Steep Learning Curves

…Been a bit quiet on the Blog Front…there hasn’t been a moment to spare as we race towards the deadline for completion on the Isle of Harris project.  A weekly site visit involves two days’ travelling, with hire vans and materials to collect the day before departure, a full day on site addressing the immediate challenges, with Kenny and Co. carefully producing ply prototypes before we decide on solutions and me on the floor with scissors, cardboard and sellotape, producing seemingly endless templates for curtain poles, vanity unit tops, hearths and flooring patterns!
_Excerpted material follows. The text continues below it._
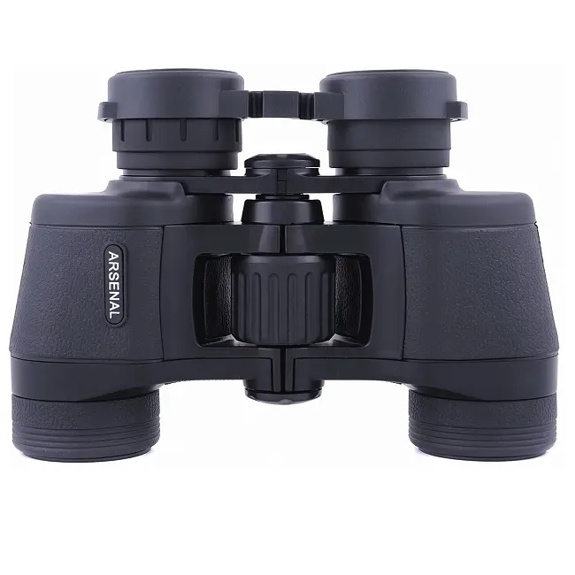 Особливості: Збільшення 7х Скляна оптика з багатошаровим покриттям Призми BK-7 Діаметр очних лінз окулярів 22 мм Захисне гумове покриття для кращого зчеплення Діоптрійна корекція для компенсації різної гостроти зору Корпус з захистом від потрапляння бризок та водяних струменів (туман, дрібний дощ, сильна злива) Можливість кріплення на штатив Porro призми М'яка якісна сумка з ременем для зберігання і транспортування Гарантія 1 рік Бінокль Arsenal NBN18-0735N простий в експлуатації, має дуже пристойну механіку, дає гарне зображення, виправдане співвідношення ціна / якість. У комплектації варто відзначити вельми незвичайні кришки для об'єктивів. Вони внутрішні і мають розрізні петлі, що дозволяє легко закріпити їх на шийному ремінці. Окулярна кришка також забезпечена петлями і може бути легко закріплена на шийному ремінці. Корпус бінокля має традиційні обводи, без ламаних ліній. Він практично повністю виконаний з міцного полікарбонату. Виняток становлять лише елементи центральної балки бінокля, призменних блоків і механізму фокусування. Колір бінокля темно-сірий, практично чорний. Тубуси і призматичні блоки бінокля покриті декоративними гумовими накладками аналогічного відтінку. Гумове покриття бінокля досить приємне на дотик і має текстурну поверхню, що імітує шкіру. Серед деталей корпусу бінокля варто відзначити вушка для фіксації шийного ремінця і металеве гніздо кріплення штативного L-адаптера, закрите зручною декоративною кришечкою, що загвинчується. У бінокля є якісно виконана шкала міжвісьових відстаней. Діапазон регулювання даної відстані (IPD) цілком класичний і змінюється в межах від 58 до 72мм. Бінокль виконаний за класичною оптичної схемою Porro із застосуванням призм типу ВК-7. Його об'єктиви покриті блакитно-ліловим двошаровим покриттям типу MC (multi-coated) на основі фториду магнію (MgF). Окуляри бінокля мають винос зіниці близько 20 мм. Діаметр очних лінз окулярів 23 мм. Наочники на окулярах бінокля виконані з м'якої гуми і мають висоту 10 мм. На поверхні лінз окулярів нанесене блакитно-бузкове просвітлююче покриття, аналогічне покриттю на об'єктивах. Призми приладу просвітлені аналогічним чином і частково оснащені світлозахисними кришками. Фокусування бінокля - центральне. Коліщатко фокусування широке, пластикове діаметром 34 мм, з гумовим покриттям і радіальною накаткою. Розташування вузла зручне, хід плавний. Діапазон налаштування укладається у півтора оберти коліщатка. Це гарантує, що процес наведення на різкість буде вельми інформативний і точний. Мінімальна дистанція фокусування бінокля становить 3 метри. Діоптрійне регулювання під особливості зору спостерігача проводиться обертанням правого окуляра. Для зручності налаштування на корпус окуляра нанесена відповідна розмітка, а на гумове покриття - накатка. Діапазон діоптрійного налаштування становить +/- 5 діоптрій. Бінокль показує хорошу передачу кольору. Зображення досить різке. Поле зору бінокля становить 163 м на 1000 м (близько 9,3 градусів). Сума споживчих характеристик бінокля дозволяє з упевненістю говорити про те, що він буде досить хорошим придбанням.

Everything is new and untried, but we are all learning fast, and thank goodness for Kenny and Co’s willingness to bounce ideas – although when Kenny politely says, “Ermm, I think that might be a bit difficult”, I know I’ve gone a step too far…

IMG_2616 Angus has been working on the snug walls and seating, using a water jet to cut the curves for the oak shelf…and here, his son Innes demonstrates his new toy, the TV lift…IMG_2688

The Isle of Harris is an Island of Hidden Treasures…it’s been a joy to discover and meet the weavers, still working in tiny sheds on single width Hattersley looms, literally weaving the surrounding landscape into cloth.  I’d originally thought the study should be a celebration of the machair, but when I saw Rebecca’s beautiful Taobh Tuath tweed, I immediately thought of abandoned crofts with rusting roofs and hummocky hills with outcrops of Gneiss…so that’s what it’s going to be!

 

Hard to believe that the green and red are single yarns – the green going Chartreuse or mossy and the red going terracotta or pillar box depending on whether they are in the warp or weft…last week when I went back, Rebecca had started on our cloth and here it is in the loom…

 

 

 

Meanwhile, for the machair, we’ve chosen the gentler colours of the abundant harebell and Yarrow for one of the bedrooms.  

I’ve had harebells in the Flower Press for a year now, and these will go under glass on bedside tables, while Sarah at Mogwaii Designs is being commissioned to do two tall embroidered panels of Yarrow on tweed for the wardrobe doors.

I’ve searched everywhere for just the right lilac-ey blue tweed for the curtains, but everything was either too sky-blue or heathery-purple, so Rebecca’s going to weave a tweed in Russian Twill and Herringbone squares with a green check line using these yarns… even Rebecca has no idea how this will come out, because of how the colours change according to whether they are in the warp or the weft…and again, when the tweed is “finished” up at the mill, so it’s a bit of an adventure!

 

 

 

The third bedroom looks out over Sgarasta Beach towards Toe Head, and every week, I see it turning more aubergine as the heather gradually comes into bud before eventually bursting into flower.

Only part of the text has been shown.